ABOUT THIS EXERCISE →
Set down the final stretch of the data, from the line that holds "Ensure comfort and" through the last line, both included, with pictures left out.

DATA FOR ANALYSIS →

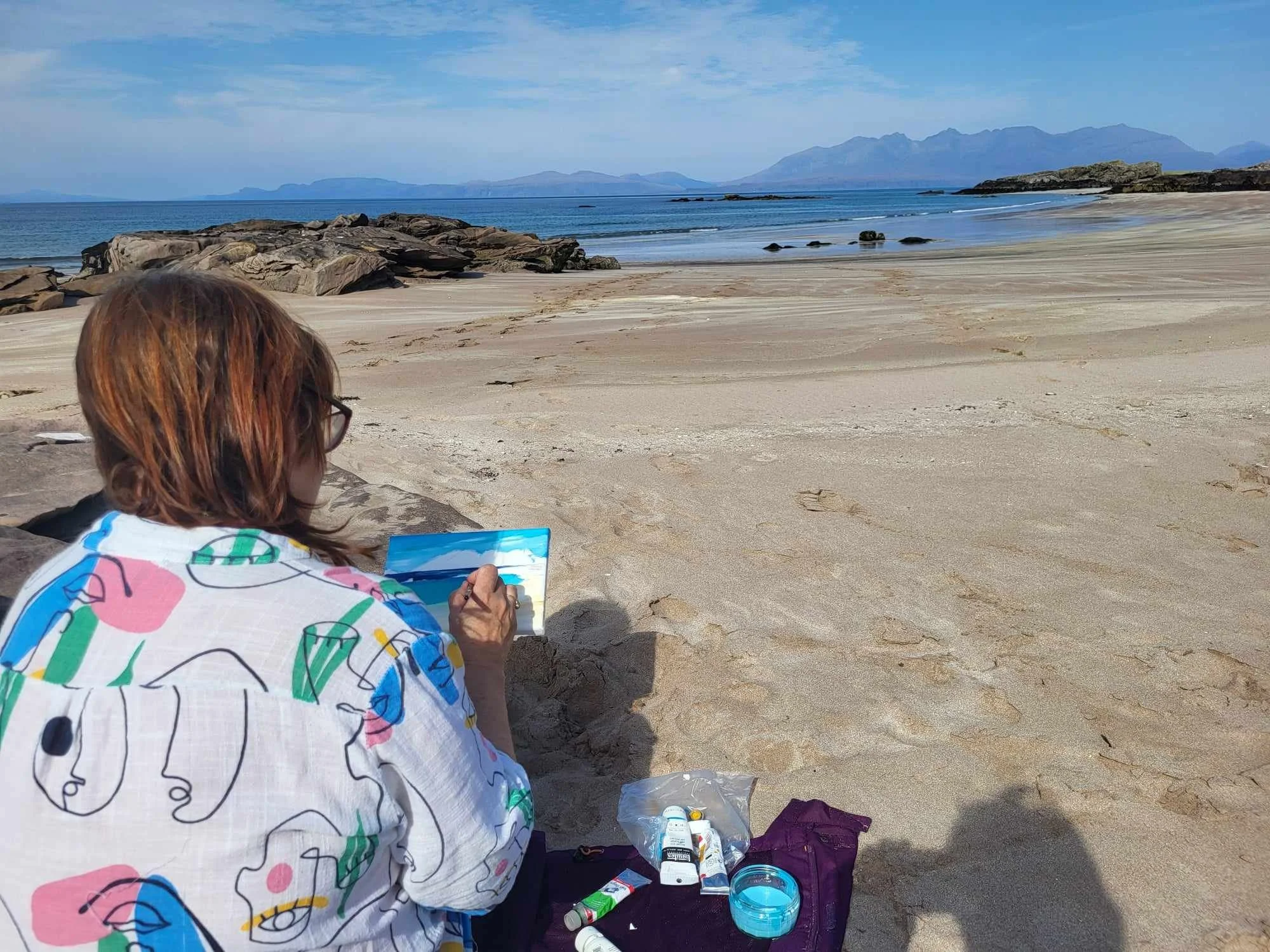 I just love the waves crashing against the rocks and when the sea meets the sand on our stunning beaches. I have a slightly abstract approach mostly in water colour when painting landscapes of the Scottish Borders to bring out the vibrant colours and contours of the rolling hills. My aim is to share what I see in that exact moment, for you to get lost in my art as if you are actually there. When travelling , I enjoy taking in the culture, the music and the Scottish cuisine.
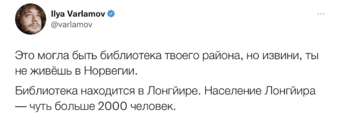 "Это могла бы быть библиотека твоего района, но извини ты живешь не в Норвегии"
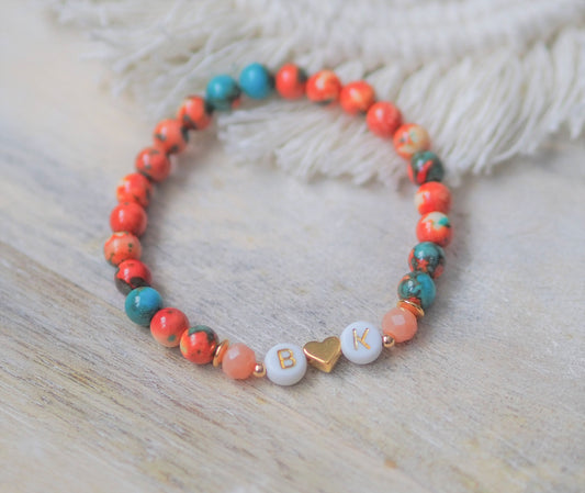 Perlenarmband Natursteinperlen personalisiert mit Initialen
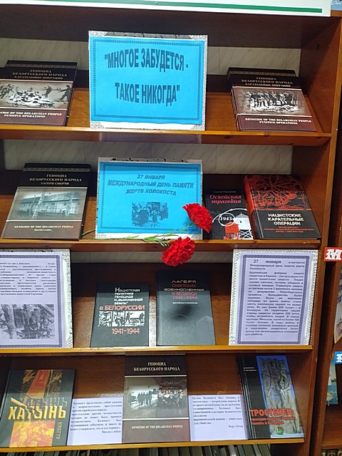 В Воропаевской горпоселковой библиотеке вниманию пользователей представлена книжная выставка-память «Многое забудется – такое никогда», на которой представлены материалы об испытаниях, через которые пришлось пройти белорусскому народу в годы Великой Отечественной войны.
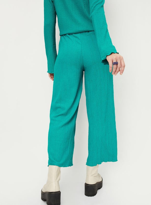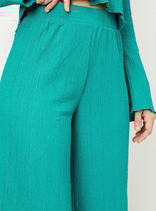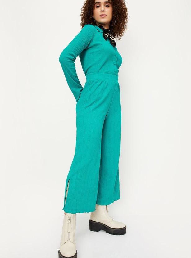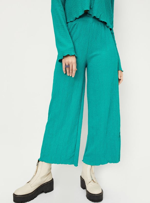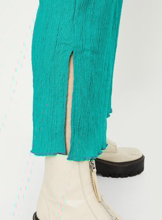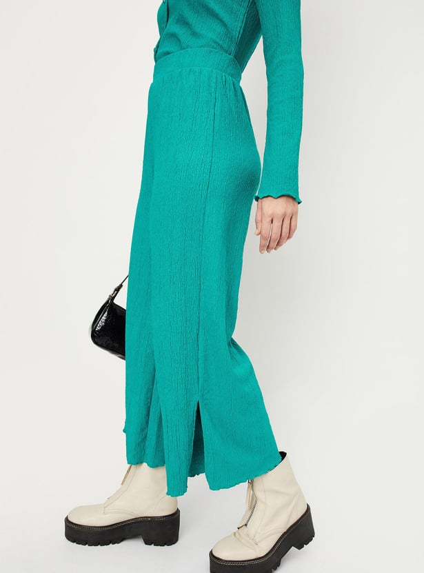 Ensure comfort and style with this pair of pants. It comes with a wrinkled design, an elasticated waistline, a side slit and a full-length construction.
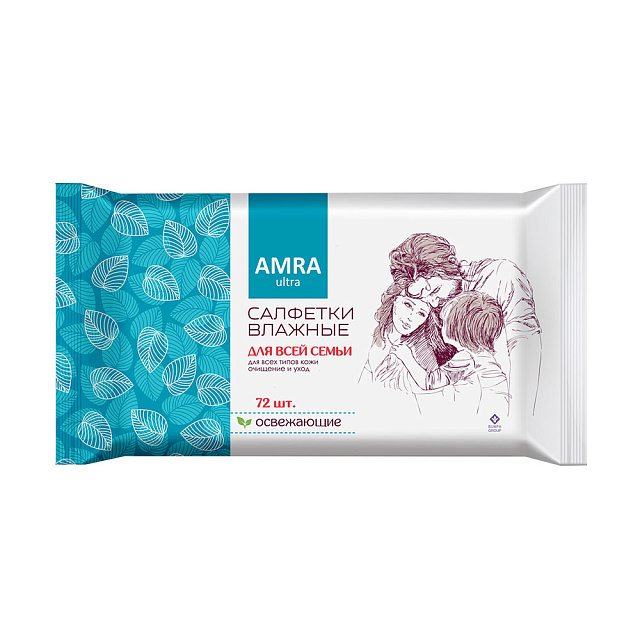 Салфетки влажные AMRA 72шт освеж д/семьи
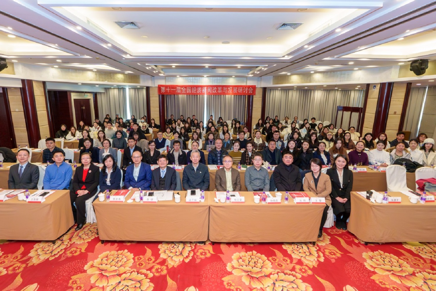 11月29日,由中国经济传媒协会指导、北京工商大学主办、我校语言与传播学院承办的第十一届全国经济新闻改革与发展研讨会在京召开。我校党委书记沈千帆出席会议并致辞。教务处处长王鲁娜,语言与传播学院党委书记刘影、院长王擎、副书记徐鑫、副院长张慧子出席会议。来自北京大学、中国人民大学、中国传媒大学、中央民族大学、上海财经大学、宁夏大学、浙江工商大学、安徽财经大学等高校的学者,与中国社会科学院、中国外文局、中央广播电视总台、北京商报、每日经济新闻、中国证券报等单位和媒体的专家共聚一堂,围绕“文明互鉴视野下的经济信息传播:变局、责任与创新”这一主题展开思想碰撞与深度交流,共话经济新闻改革与发展大计。
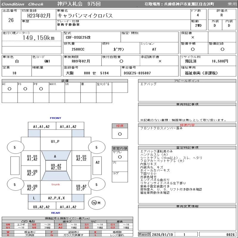 NISSAN CARAVAN BUS 2011 г., лот № 26
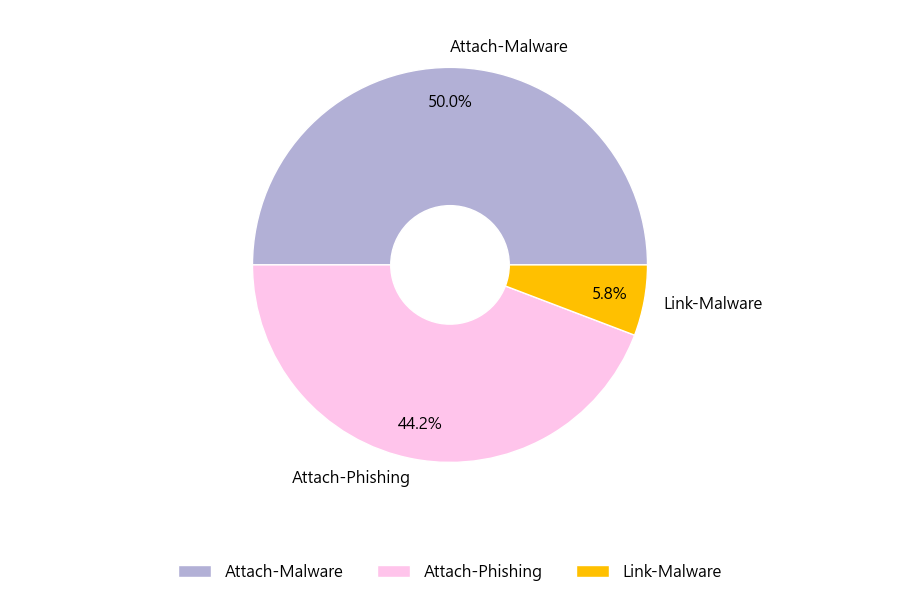 악성 이메일을 유형별로 살펴보면 190건 중 Attach-Malware형이 50.0%로 가장 많았고 뒤이어 Attach-Phishing형이 44.2%를 나타냈습니다.
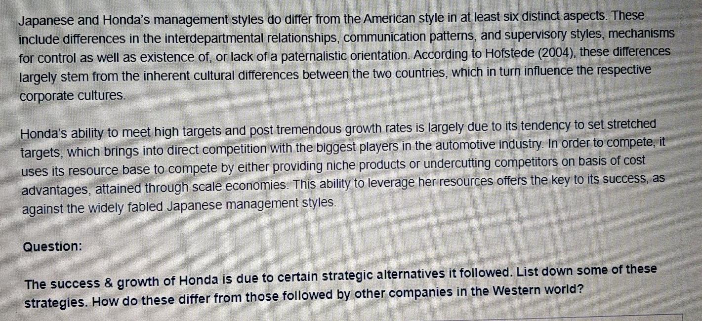 Solved Honda - Strategies for success u0026 growth It was Chegg.com

RESULT →
 Ensure comfort and style with this pair of pants. It comes with a wrinkled design, an elasticated waistline, a side slit and a full-length construction.
 Салфетки влажные AMRA 72шт освеж д/семьи
 11月29日,由中国经济传媒协会指导、北京工商大学主办、我校语言与传播学院承办的第十一届全国经济新闻改革与发展研讨会在京召开。我校党委书记沈千帆出席会议并致辞。教务处处长王鲁娜,语言与传播学院党委书记刘影、院长王擎、副书记徐鑫、副院长张慧子出席会议。来自北京大学、中国人民大学、中国传媒大学、中央民族大学、上海财经大学、宁夏大学、浙江工商大学、安徽财经大学等高校的学者,与中国社会科学院、中国外文局、中央广播电视总台、北京商报、每日经济新闻、中国证券报等单位和媒体的专家共聚一堂,围绕“文明互鉴视野下的经济信息传播:变局、责任与创新”这一主题展开思想碰撞与深度交流,共话经济新闻改革与发展大计。
 NISSAN CARAVAN BUS 2011 г., лот № 26
 악성 이메일을 유형별로 살펴보면 190건 중 Attach-Malware형이 50.0%로 가장 많았고 뒤이어 Attach-Phishing형이 44.2%를 나타냈습니다.
 Solved Honda - Strategies for success u0026 growth It was Chegg.com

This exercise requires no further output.